While I had qualified my assessment with a few caveats, I was wrong to expect that the second wave will be “small” in several cities and districts. I did not anticipate that people would so quickly relax their guard, engage in large gatherings and visit crowded places. The COBOTE model was good enough to estimate when the first wave would end, so I’ve used it again to make estimates for the second wave. Note that this is merely an extremely rough measure to get a better sense of the spread. I am sharing these assessments because some clarity is better than complete uncertainty.

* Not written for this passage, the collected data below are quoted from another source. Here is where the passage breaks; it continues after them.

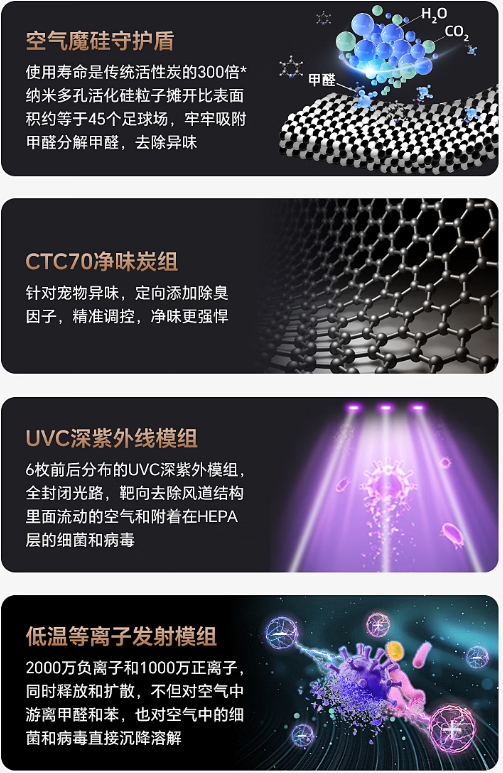 1. 四重分解技术:甲醛→水 + CO₂,无二次污染新颐 A8 搭载 “空气魔硅 + CTC70净味炭组 + UVC深紫外线模组 + 低温等离子发射模组” 的四重醛解系统,层层递进分解甲醛: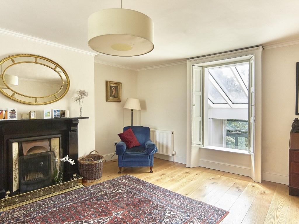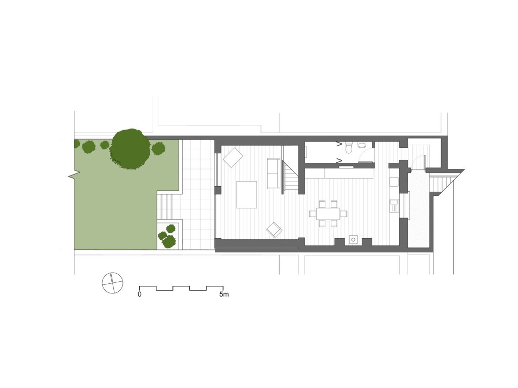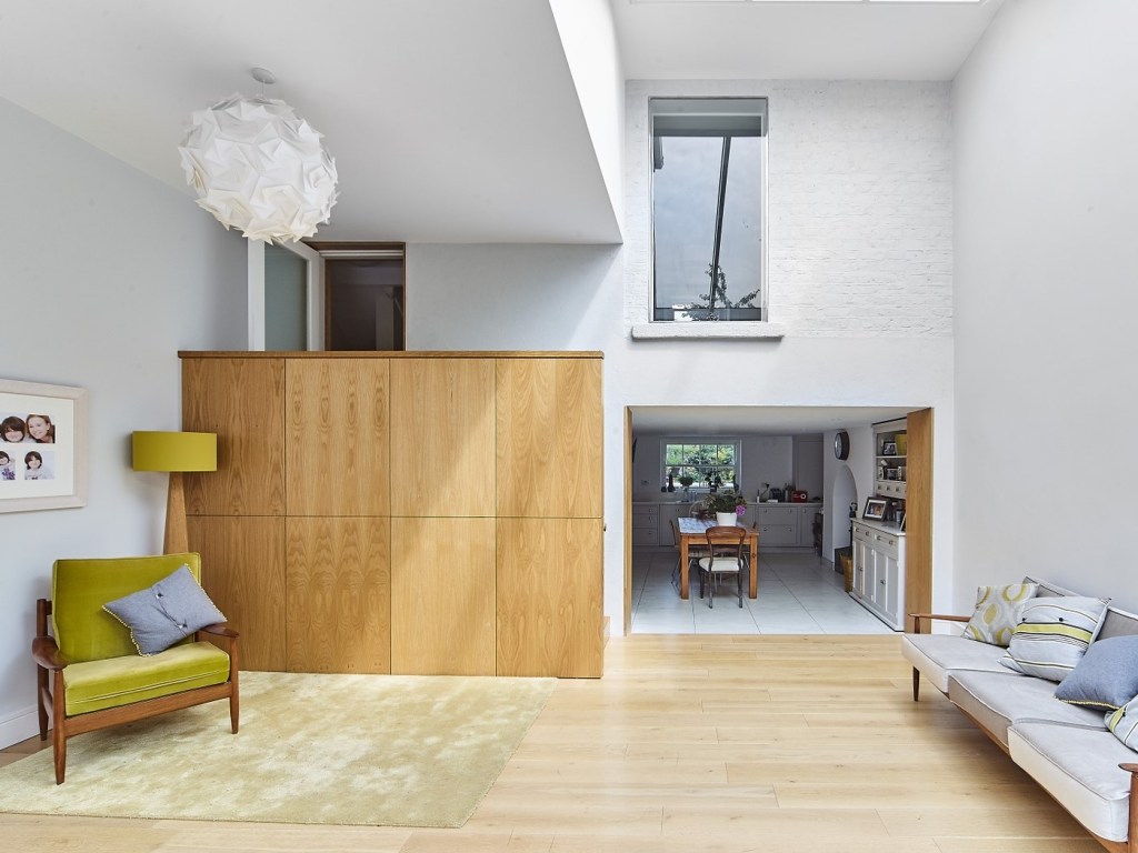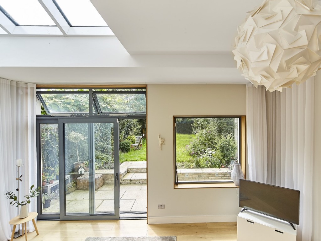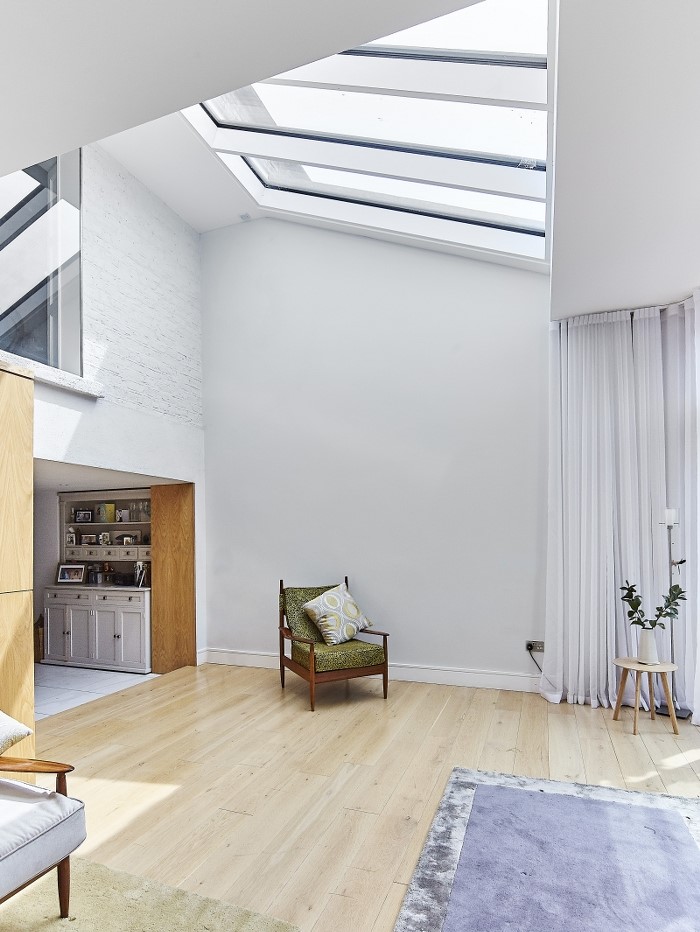 The infill extension’s roof is virtually fully glazed which floods the low ceiling kitchen with natural light whilst maintaining views to the garden from the upper level reception room. Large glazed doors open out onto the garden. The infill extension’s roof is virtually fully glazed which floods the low ceiling kitchen with natural light whilst maintaining views to the garden from the upper level reception room. Large glazed doors open out onto the garden.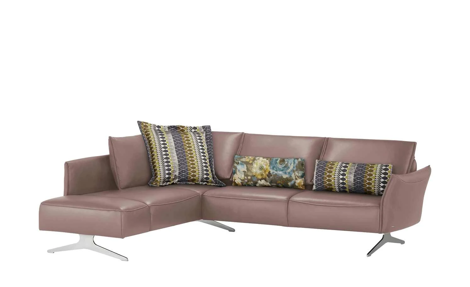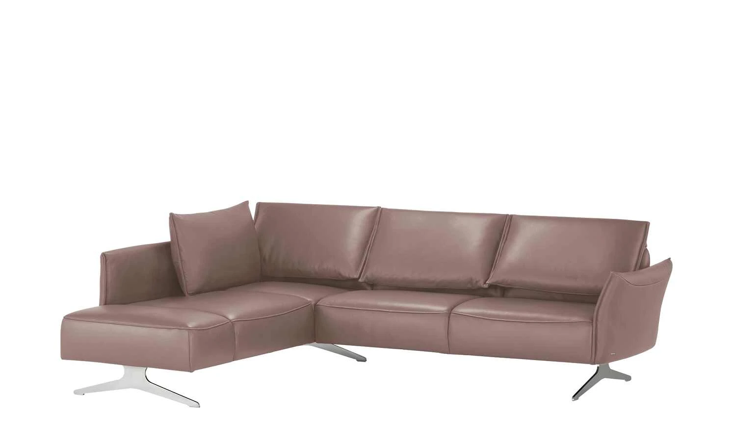 Das Ecksofa Vineto verbindet einzigartige Komfortfunktionen mit einem modernen, schwerelosen Design. Die edelstahlfarbenen, filigranen Metall-Schwertkufen tragen die komfortablen Sitzpolster zuverlässig und mühelos. Nehmen Sie Platz und klappen Sie die Rückenteile separat voneinander hoch, um sich noch besser anzulehnen. Auch die Armlehne lässt sich mit einem Handgriff umklappen. Ein hochwertiger Echtlederbezug umspannt das gesamte Sofa, sodass Sie Vineto frei im Raum platzieren können. Unser Tipp für noch mehr Wohnkomfort: Dekorieren Sie das Ecksofa Vineto mit den gleichnamigen Rückenkissen, die Sie separat im Shop erwerben können. Unikate gefertigt in Bayern: Die Marke KOINOR steht für einzigartige Komfortfunktionen und individuelles Design. Unter Verwendung hochwertigster Materialien entstehen Möbel mit Vorzeigecharakter.

While a faster second wave might appear desirable for things will calm down sooner, the problem is that it will exhaust healthcare capacity quickly. This is already happening in many affected cities. “Flattening the curve” by masking, social distancing and containment strategies is necessary to ensure healthcare facilities are available. This means a longer wave, as we saw last year, but a less lethal one. So well-considered and targeted containment strategies are necessary.
The rest of my The Print columns are here
Why has there been a second wave of coronavirus? The best option, of course, is rapid universal adult vaccination in all second-wave-hit cities and districts. This will both shorten the second wave and reduce the burden on hospitals and medical facilities. We must pursue the vaccination campaign on a war footing.